‘If you believe it, you can do it’
Carson touts focus on affordable housing ‘crisis’ during Beaver County tour
Housing and Urban Development Secretary Ben Carson had just finished reading an astronaut book to the children — the theme: If you believe it, you can do it — when the eight youngsters from Ambridge told him what they want to be when they grow up.
One aspired to be a teacher. Another, a waitress at Buffalo Wild Wings. And three young boys: football players.
“I want one of you guys, instead of being a football player, to say, ‘I want to be the owner of the football team,’” Mr. Carson said.
“I will when I retire,” one of the boys shot back.
It was all about lighthearted exchanges, economic progress and the bright future as Dr. Carson, a former Republican presidential candidate, toured a public housing neighborhood Monday morning, touting his department’s focus on what he called the “crisis” of affordable housing in America.

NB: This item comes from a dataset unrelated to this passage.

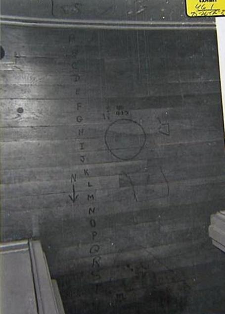 Bloody footprints of Jeffrey MacDonald in the hallway, exiting the bedroom of Kristen MacDonald.<BR><BR>CID Exhibit D217 (floorboards marked F through K, circled in center) was made by MacDonald's left foot.  The print was made in human blood, but typing was precluded due to the paucity or contamination of the stain.<BR><BR>CID Exhibit D216 is marked in a square below Exhibit D217, while CID Exhibit D215, the left footprint of Jeffrey MacDonald in Type A blood (the blood type of Colette MacDonald) is partially visible at bottom (floorboards marked Q through Z).

Along with U.S. Rep. Keith Rothfus, Dr. Carson walked through the community center, then was shown a separate residential unit in Economy Village, a 78-unit development of townhouses managed by the Housing Authority of Beaver County.
Facing a situation where minimum wage workers can’t afford a two-bedroom apartment anywhere in America, the Trump administration is making affordable housing a “very high priority,” he said.

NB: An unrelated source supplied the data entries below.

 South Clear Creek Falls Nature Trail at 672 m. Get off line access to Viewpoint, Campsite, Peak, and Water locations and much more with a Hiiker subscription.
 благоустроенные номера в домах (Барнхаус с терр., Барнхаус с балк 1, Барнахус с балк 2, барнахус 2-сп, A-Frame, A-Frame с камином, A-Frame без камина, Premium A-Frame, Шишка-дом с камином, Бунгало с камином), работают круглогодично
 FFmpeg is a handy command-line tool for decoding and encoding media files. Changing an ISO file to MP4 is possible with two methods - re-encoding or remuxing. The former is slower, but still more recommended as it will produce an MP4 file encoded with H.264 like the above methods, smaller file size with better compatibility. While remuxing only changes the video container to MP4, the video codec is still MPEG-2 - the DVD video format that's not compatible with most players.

Dr. Carson said the next step is to address the “tremendous backlog of individuals” in need of affordable housing and how to relieve the “true impediments” clogging the system.

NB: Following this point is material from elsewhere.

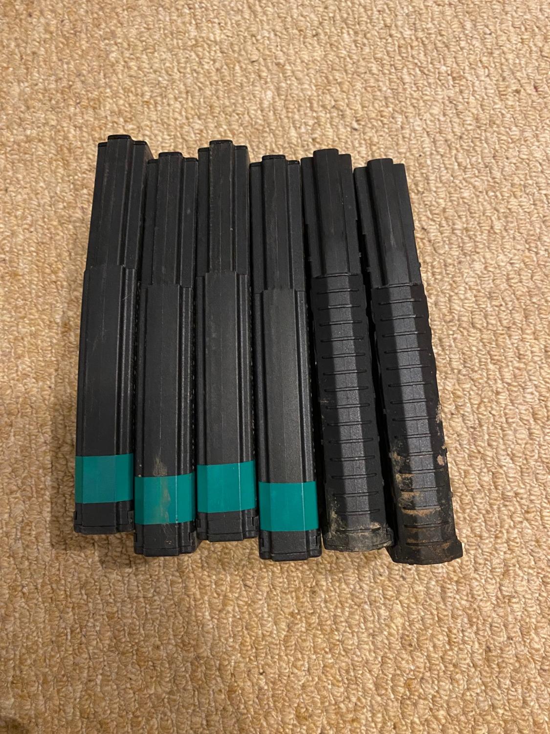 2 mags on the right are nuprol hex mags, work flawlessly, never jam and hold around 110 rounds last time I counted.

“We’re in the process of doing that now,” Dr. Carson told reporters afterward. “We’re in the process of using things like the [Affirmatively Furthering Fair Housing rule] in a positive way. Not in a punitive way. But in a way that we can remove all those barriers so that we can create affordable housing in this country.”
Mr. Rothfus, a Sewickley Republican, added that a “healthy, thriving economy” will help generate revenue to address affordable housing. The congressman has touted the GOP’s Tax Cuts and Jobs Act of 2017 as a driver of economic prosperity in the region and across the country.
Dr. Carson and Mr. Rothfus toured Cyndi Burns’ apartment and listened as she told them about her desire to teach the kids living in the plan how to cook homemade Southern biscuits and gravy.
Several of those kids — including the eight who gathered for the book reading — receive services from the nonprofit TRAILS Ministries such as an afterschool program, lunches and recreational activities in the community center of the village.
The young students meet on Wednesdays and Thursdays when school starts, which for most students is Monday.
“If you can dream it, if you believe it and work hard for it, anything is possible,” Dr. Carson read from the book, reminiscing to when his mother told him the same message.
The secretary and congressman were set to visit the opportunity zone in Midland in the afternoon. Opportunity zones — three of which are in Beaver County — were added to the tax code with the Republican plan, designating a number of economically distressed communities where new investments may be eligible for preferential tax treatment.
Dr. Carson called the opportunity zone program a “win-win situation” that provides an opportunity to spread wealth.